** Records provided follows **

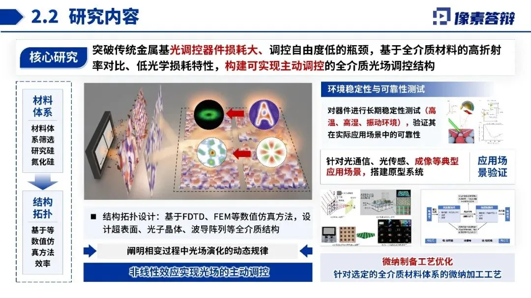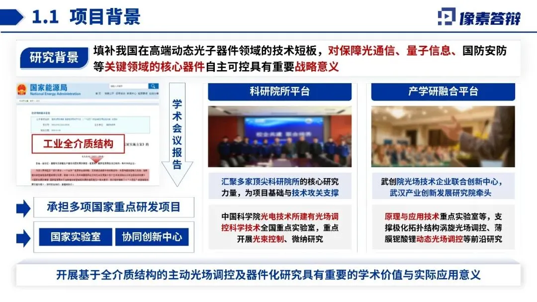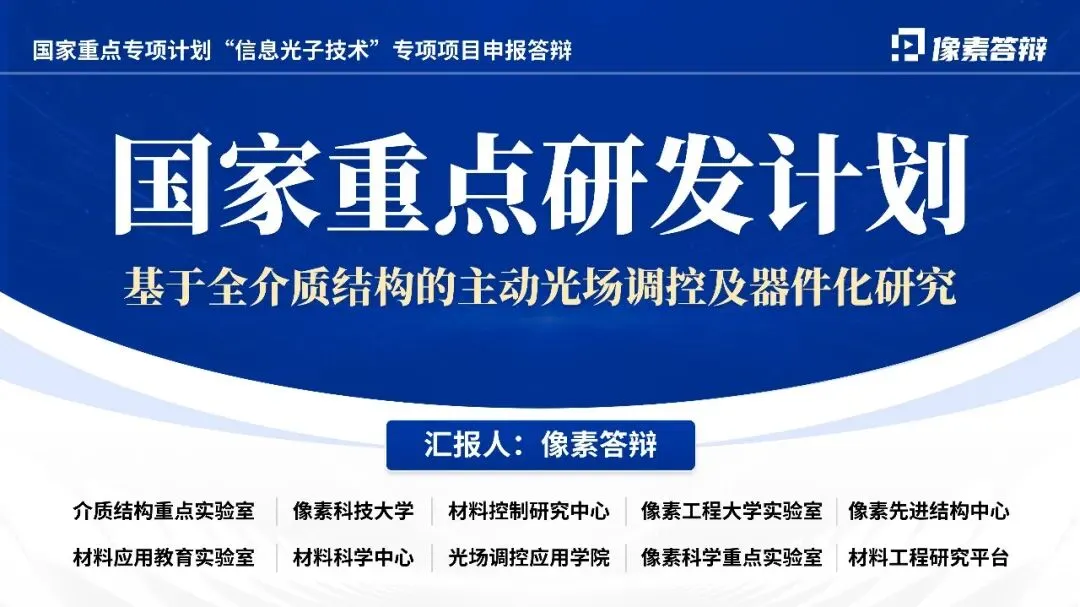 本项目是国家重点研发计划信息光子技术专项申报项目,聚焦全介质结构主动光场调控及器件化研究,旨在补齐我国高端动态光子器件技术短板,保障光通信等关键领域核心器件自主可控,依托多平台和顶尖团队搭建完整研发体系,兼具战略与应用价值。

** End of Records provided **
** Records provided follows **

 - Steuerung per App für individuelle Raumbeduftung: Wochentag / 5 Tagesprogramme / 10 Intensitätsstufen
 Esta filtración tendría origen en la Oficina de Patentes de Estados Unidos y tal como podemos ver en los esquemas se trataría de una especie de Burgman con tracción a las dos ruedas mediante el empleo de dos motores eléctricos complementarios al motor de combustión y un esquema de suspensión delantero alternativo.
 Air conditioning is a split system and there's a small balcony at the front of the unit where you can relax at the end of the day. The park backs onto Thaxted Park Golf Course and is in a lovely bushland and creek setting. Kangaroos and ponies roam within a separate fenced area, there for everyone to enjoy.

** End of Records provided **
** Records provided follows **

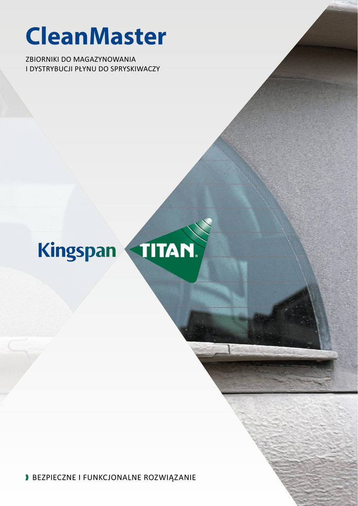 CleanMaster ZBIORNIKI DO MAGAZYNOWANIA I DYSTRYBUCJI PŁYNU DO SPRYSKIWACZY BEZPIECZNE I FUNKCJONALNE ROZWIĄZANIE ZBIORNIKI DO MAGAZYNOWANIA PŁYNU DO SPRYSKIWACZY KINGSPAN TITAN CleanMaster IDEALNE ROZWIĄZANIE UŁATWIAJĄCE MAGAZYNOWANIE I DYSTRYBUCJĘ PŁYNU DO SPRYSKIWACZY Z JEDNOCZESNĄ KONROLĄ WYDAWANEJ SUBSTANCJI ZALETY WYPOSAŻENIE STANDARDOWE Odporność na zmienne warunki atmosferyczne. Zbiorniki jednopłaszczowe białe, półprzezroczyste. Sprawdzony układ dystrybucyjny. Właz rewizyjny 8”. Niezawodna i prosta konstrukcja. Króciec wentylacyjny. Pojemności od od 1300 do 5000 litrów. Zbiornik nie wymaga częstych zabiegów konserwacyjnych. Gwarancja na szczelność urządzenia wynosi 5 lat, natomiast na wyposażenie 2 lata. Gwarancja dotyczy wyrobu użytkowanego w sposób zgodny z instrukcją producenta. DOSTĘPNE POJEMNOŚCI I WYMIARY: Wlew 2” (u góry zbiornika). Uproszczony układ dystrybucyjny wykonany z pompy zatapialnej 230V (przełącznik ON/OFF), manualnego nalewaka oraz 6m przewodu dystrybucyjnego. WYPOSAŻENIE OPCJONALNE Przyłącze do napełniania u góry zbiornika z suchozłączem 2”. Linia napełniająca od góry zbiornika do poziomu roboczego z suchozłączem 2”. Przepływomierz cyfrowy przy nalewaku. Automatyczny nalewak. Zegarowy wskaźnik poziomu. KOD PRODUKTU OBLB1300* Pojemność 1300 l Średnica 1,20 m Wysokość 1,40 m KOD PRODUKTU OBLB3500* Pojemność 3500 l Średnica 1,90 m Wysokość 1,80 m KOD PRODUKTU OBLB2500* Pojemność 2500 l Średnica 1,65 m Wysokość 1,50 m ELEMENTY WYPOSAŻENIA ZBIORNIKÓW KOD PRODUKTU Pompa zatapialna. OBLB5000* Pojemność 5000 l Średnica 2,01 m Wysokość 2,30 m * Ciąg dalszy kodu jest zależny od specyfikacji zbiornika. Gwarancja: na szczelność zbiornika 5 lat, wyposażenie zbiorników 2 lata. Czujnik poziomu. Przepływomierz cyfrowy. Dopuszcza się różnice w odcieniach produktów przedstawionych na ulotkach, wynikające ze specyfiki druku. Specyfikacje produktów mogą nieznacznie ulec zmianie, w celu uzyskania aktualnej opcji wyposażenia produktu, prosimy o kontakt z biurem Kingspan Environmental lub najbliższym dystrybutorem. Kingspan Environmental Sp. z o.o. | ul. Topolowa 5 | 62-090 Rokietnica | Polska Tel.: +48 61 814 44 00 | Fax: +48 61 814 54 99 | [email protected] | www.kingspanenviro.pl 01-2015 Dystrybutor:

** End of Records provided **

◆ **What to work on**: Your answer should consist only of the lines above between the line holding "- Steuerung per" and the line holding "Air conditioning is", inclusive, each transcribed exactly.

◆ **Expected answer**:
 - Steuerung per App für individuelle Raumbeduftung: Wochentag / 5 Tagesprogramme / 10 Intensitätsstufen
 Esta filtración tendría origen en la Oficina de Patentes de Estados Unidos y tal como podemos ver en los esquemas se trataría de una especie de Burgman con tracción a las dos ruedas mediante el empleo de dos motores eléctricos complementarios al motor de combustión y un esquema de suspensión delantero alternativo.
 Air conditioning is a split system and there's a small balcony at the front of the unit where you can relax at the end of the day. The park backs onto Thaxted Park Golf Course and is in a lovely bushland and creek setting. Kangaroos and ponies roam within a separate fenced area, there for everyone to enjoy.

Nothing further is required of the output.